Return, without pictures, the lines from the start of the data through the one that contains "New Arrived 2534".

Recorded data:
====================
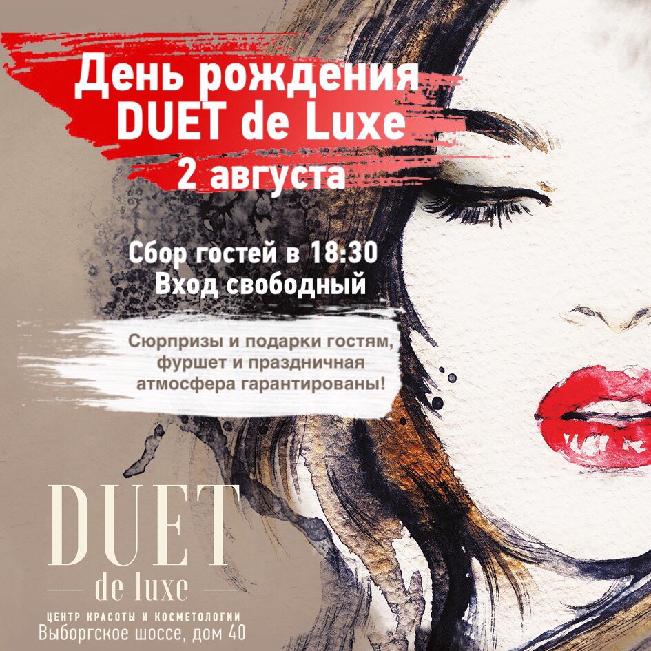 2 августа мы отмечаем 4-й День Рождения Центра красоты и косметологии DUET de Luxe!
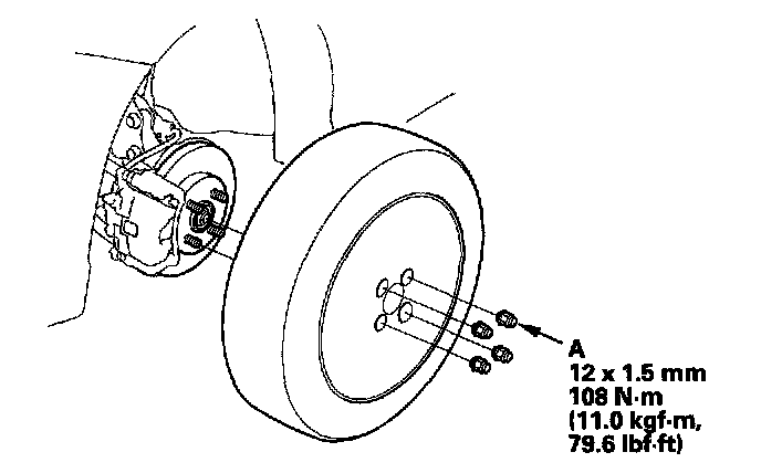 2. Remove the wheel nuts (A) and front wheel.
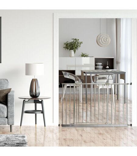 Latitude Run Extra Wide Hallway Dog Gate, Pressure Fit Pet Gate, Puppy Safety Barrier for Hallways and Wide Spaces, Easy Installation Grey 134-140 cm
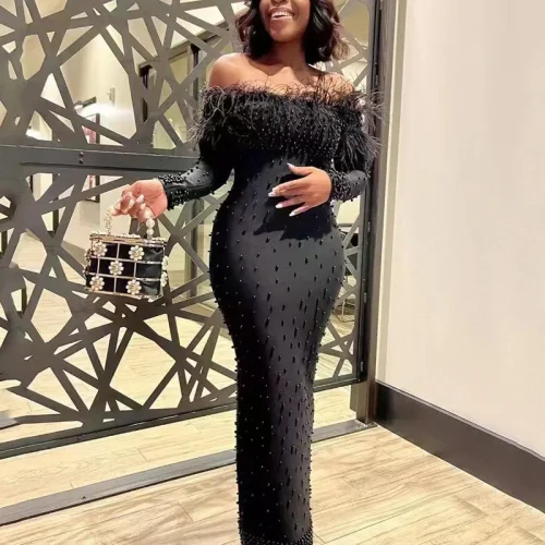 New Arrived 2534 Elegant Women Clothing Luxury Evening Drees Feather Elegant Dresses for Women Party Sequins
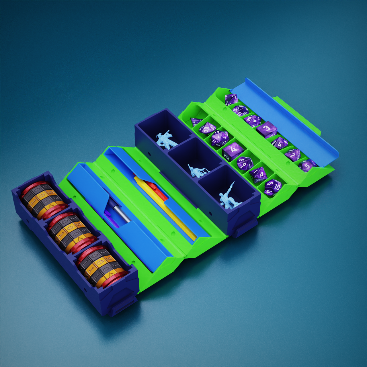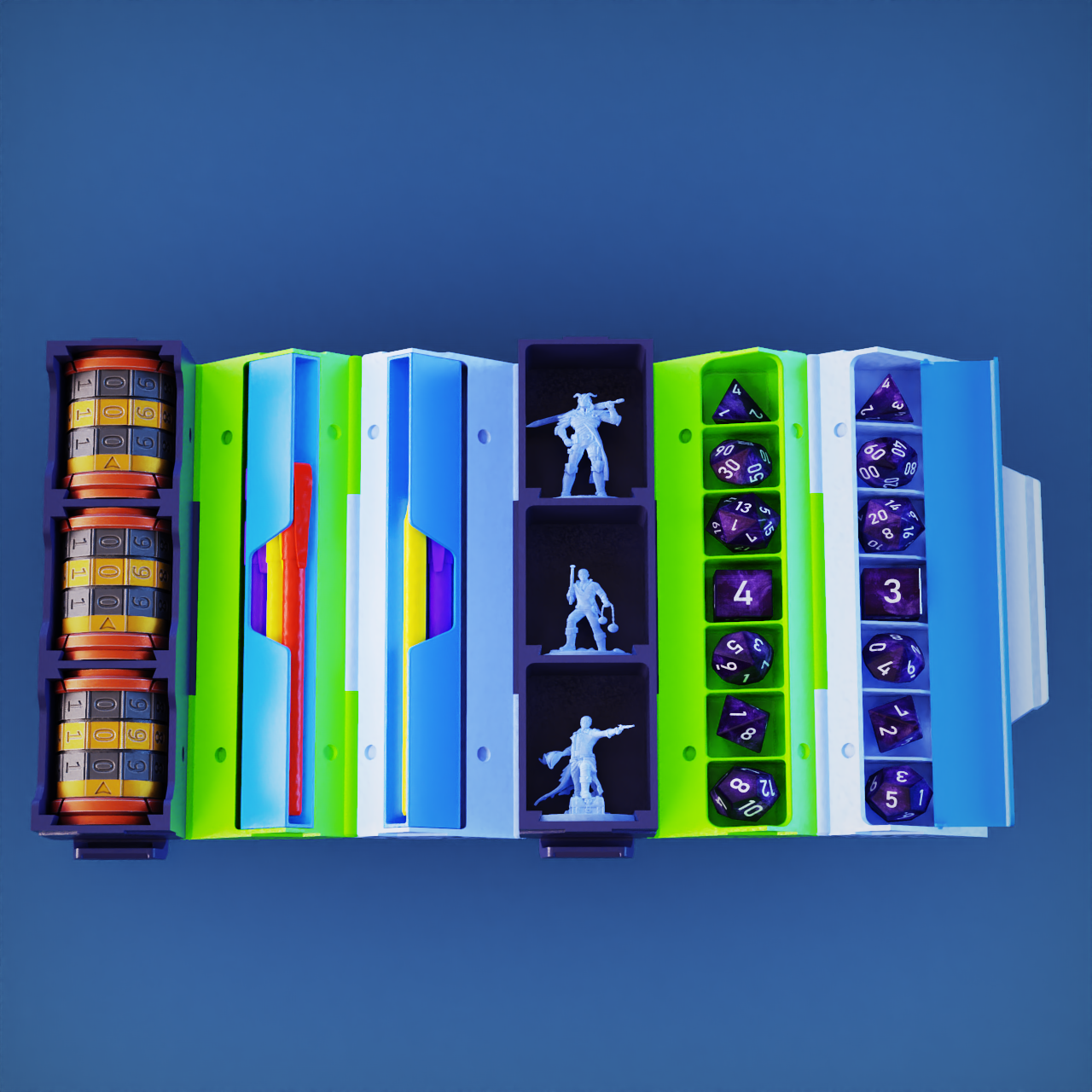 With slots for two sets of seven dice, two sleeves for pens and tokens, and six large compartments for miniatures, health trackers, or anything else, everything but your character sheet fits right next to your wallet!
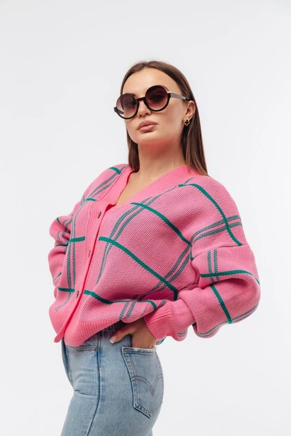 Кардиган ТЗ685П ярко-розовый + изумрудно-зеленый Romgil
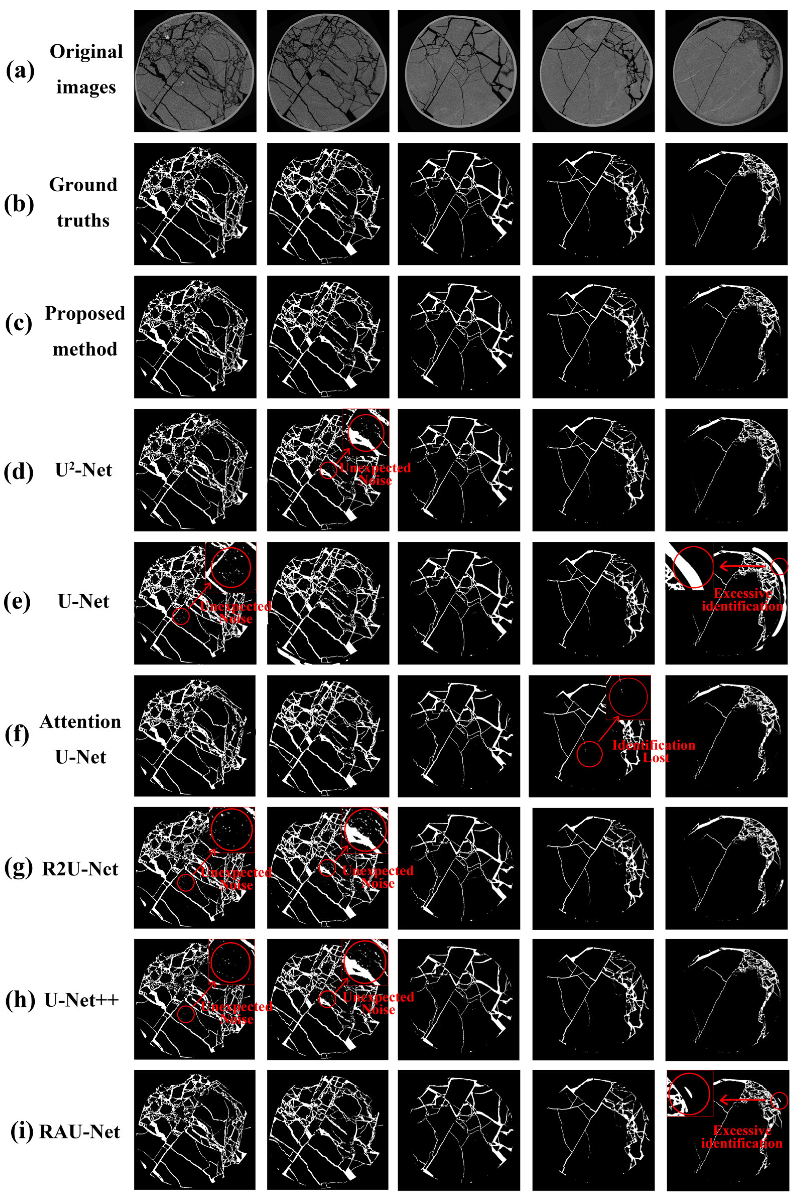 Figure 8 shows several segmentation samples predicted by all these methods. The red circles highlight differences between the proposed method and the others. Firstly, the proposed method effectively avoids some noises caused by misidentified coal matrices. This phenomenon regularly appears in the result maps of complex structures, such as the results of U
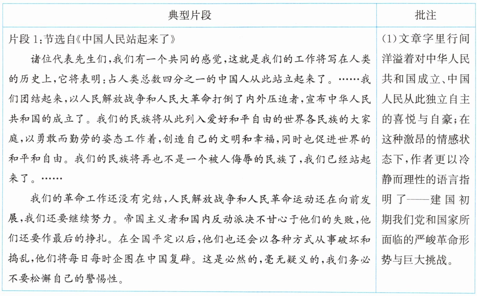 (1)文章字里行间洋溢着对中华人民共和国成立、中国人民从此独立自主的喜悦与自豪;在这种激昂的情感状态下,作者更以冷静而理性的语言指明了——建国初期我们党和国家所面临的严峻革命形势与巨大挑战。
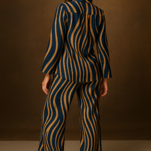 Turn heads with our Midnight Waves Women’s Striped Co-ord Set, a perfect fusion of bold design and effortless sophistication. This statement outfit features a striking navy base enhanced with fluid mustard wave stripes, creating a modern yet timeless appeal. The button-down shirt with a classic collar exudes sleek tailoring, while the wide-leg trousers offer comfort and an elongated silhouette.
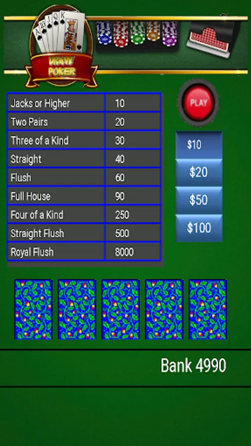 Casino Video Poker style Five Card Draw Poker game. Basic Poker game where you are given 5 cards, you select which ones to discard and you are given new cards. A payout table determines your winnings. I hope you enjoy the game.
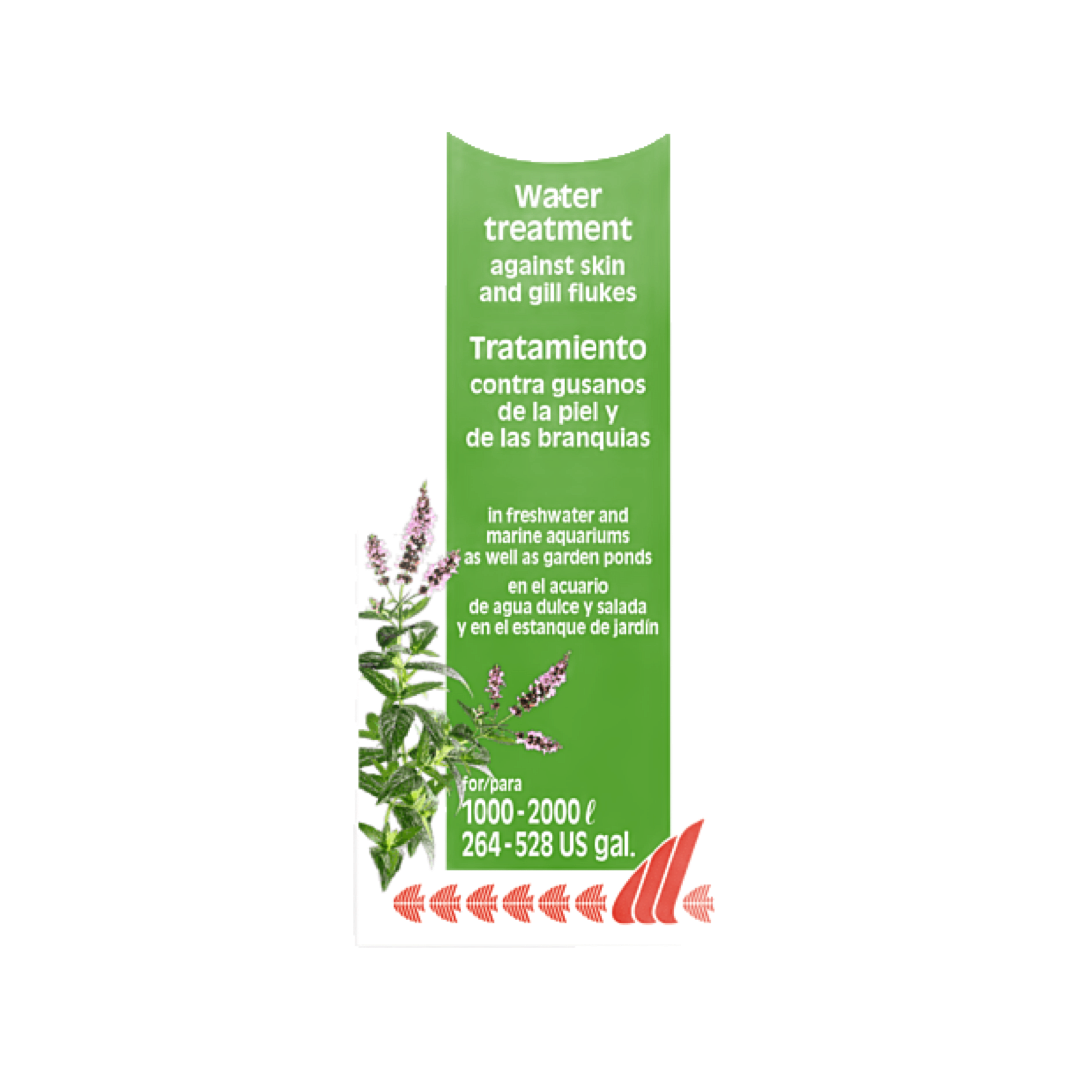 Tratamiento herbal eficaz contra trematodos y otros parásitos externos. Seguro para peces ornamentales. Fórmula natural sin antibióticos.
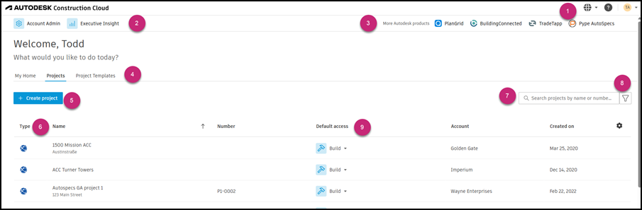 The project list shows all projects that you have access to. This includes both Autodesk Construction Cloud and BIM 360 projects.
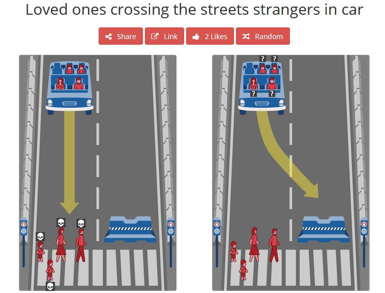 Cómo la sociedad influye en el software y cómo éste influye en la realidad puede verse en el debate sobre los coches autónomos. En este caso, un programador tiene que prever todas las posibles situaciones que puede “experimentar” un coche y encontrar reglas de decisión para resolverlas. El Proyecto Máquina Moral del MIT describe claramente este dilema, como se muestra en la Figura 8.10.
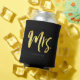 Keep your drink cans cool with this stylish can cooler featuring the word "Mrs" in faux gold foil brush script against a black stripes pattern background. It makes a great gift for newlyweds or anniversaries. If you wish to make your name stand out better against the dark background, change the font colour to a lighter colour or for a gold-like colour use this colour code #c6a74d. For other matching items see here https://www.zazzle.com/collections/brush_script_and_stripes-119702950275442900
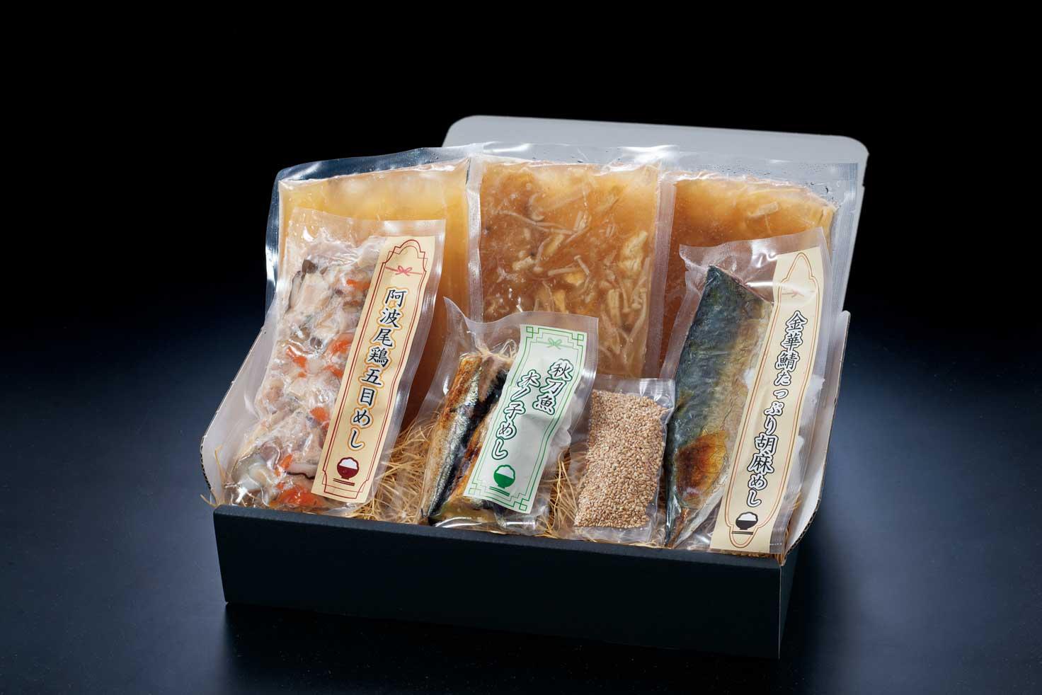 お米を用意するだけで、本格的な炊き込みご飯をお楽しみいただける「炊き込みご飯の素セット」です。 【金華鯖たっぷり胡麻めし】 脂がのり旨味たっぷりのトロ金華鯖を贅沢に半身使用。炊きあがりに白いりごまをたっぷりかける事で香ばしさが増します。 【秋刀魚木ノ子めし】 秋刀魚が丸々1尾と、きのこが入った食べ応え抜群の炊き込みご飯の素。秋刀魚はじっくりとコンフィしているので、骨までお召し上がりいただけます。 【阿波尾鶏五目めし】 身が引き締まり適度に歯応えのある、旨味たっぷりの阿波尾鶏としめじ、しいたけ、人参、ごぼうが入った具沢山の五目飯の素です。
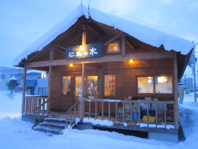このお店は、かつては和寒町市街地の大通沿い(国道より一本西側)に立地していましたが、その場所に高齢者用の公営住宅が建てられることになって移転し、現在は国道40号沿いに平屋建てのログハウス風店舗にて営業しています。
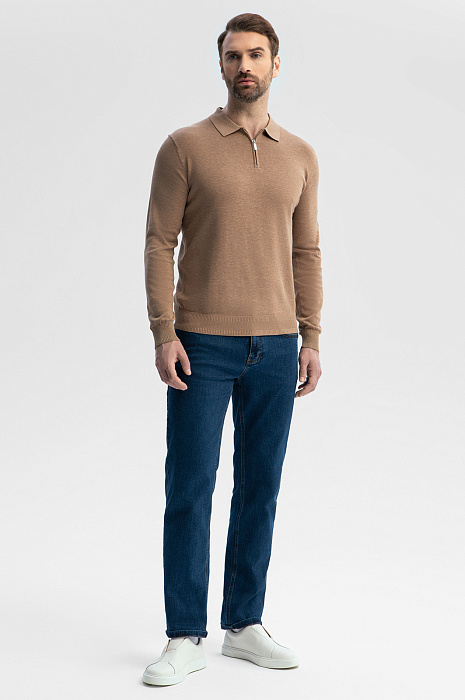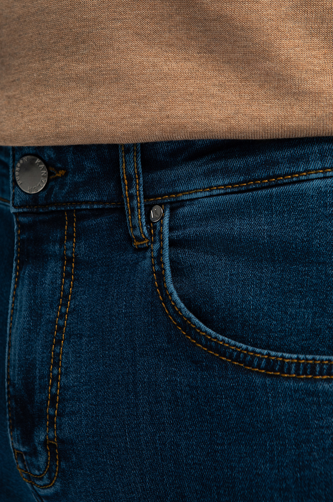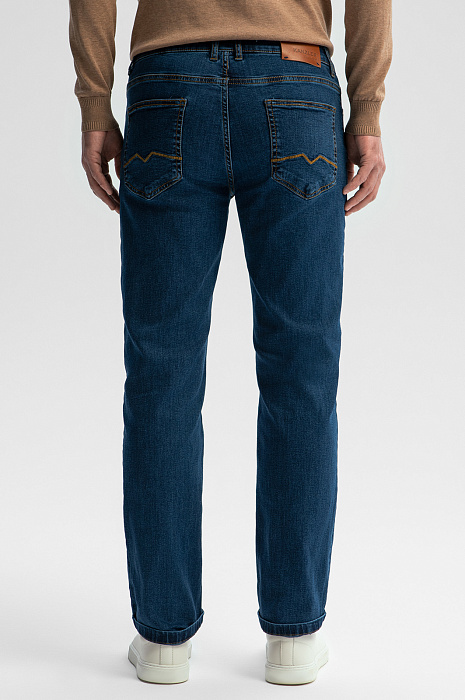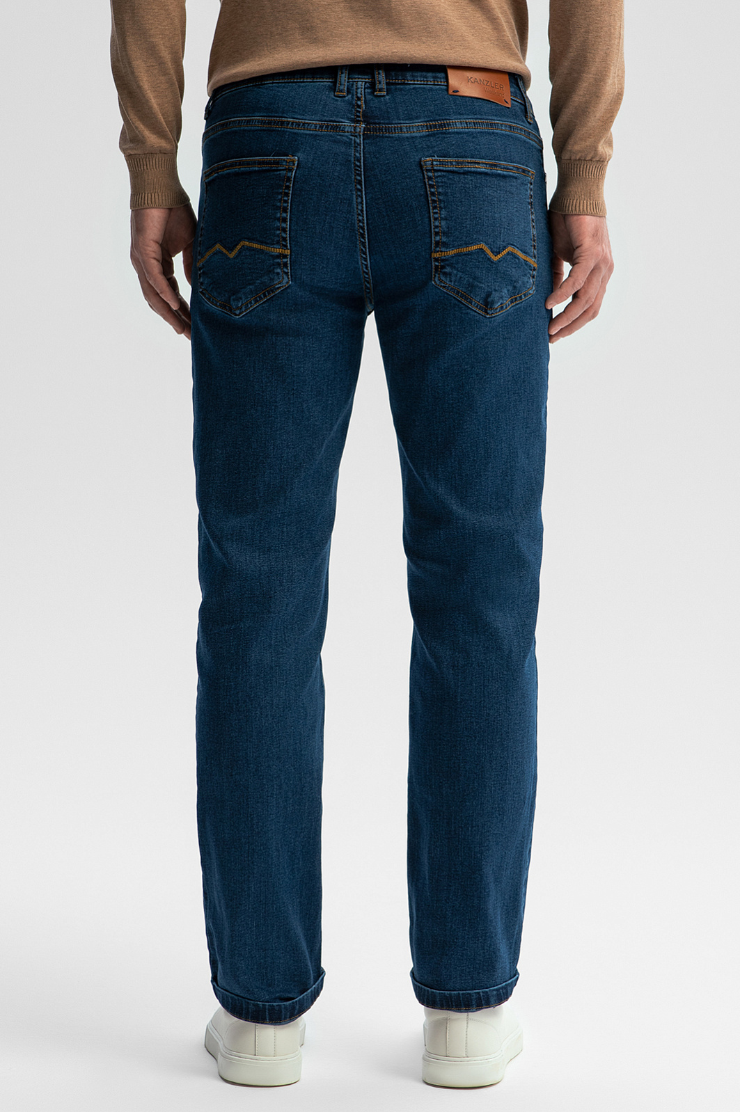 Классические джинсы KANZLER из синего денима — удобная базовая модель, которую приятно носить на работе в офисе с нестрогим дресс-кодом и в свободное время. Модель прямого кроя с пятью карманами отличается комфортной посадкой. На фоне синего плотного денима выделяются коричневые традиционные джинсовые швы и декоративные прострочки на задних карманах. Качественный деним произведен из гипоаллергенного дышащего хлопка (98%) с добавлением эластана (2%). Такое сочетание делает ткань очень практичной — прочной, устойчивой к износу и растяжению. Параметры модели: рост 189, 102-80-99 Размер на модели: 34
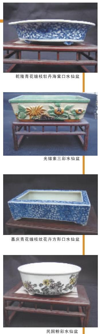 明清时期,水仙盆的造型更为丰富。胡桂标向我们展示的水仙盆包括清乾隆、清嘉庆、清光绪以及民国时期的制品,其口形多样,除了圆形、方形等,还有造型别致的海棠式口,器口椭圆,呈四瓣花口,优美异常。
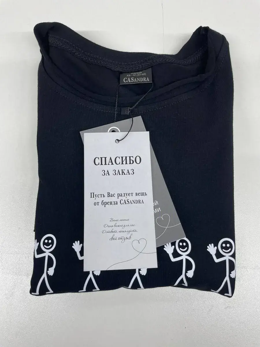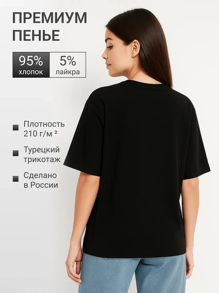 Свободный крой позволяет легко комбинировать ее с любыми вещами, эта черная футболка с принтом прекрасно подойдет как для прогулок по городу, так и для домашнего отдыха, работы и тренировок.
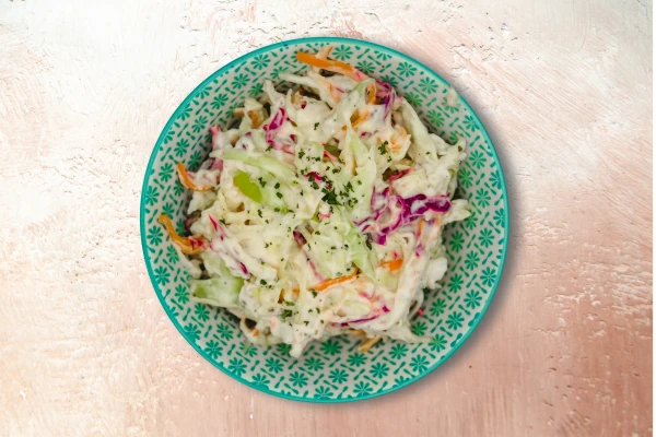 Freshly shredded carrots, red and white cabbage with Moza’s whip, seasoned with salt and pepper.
====================
Solution to this task |
 2 августа мы отмечаем 4-й День Рождения Центра красоты и косметологии DUET de Luxe!
 2. Remove the wheel nuts (A) and front wheel.
 Latitude Run Extra Wide Hallway Dog Gate, Pressure Fit Pet Gate, Puppy Safety Barrier for Hallways and Wide Spaces, Easy Installation Grey 134-140 cm
 New Arrived 2534 Elegant Women Clothing Luxury Evening Drees Feather Elegant Dresses for Women Party Sequins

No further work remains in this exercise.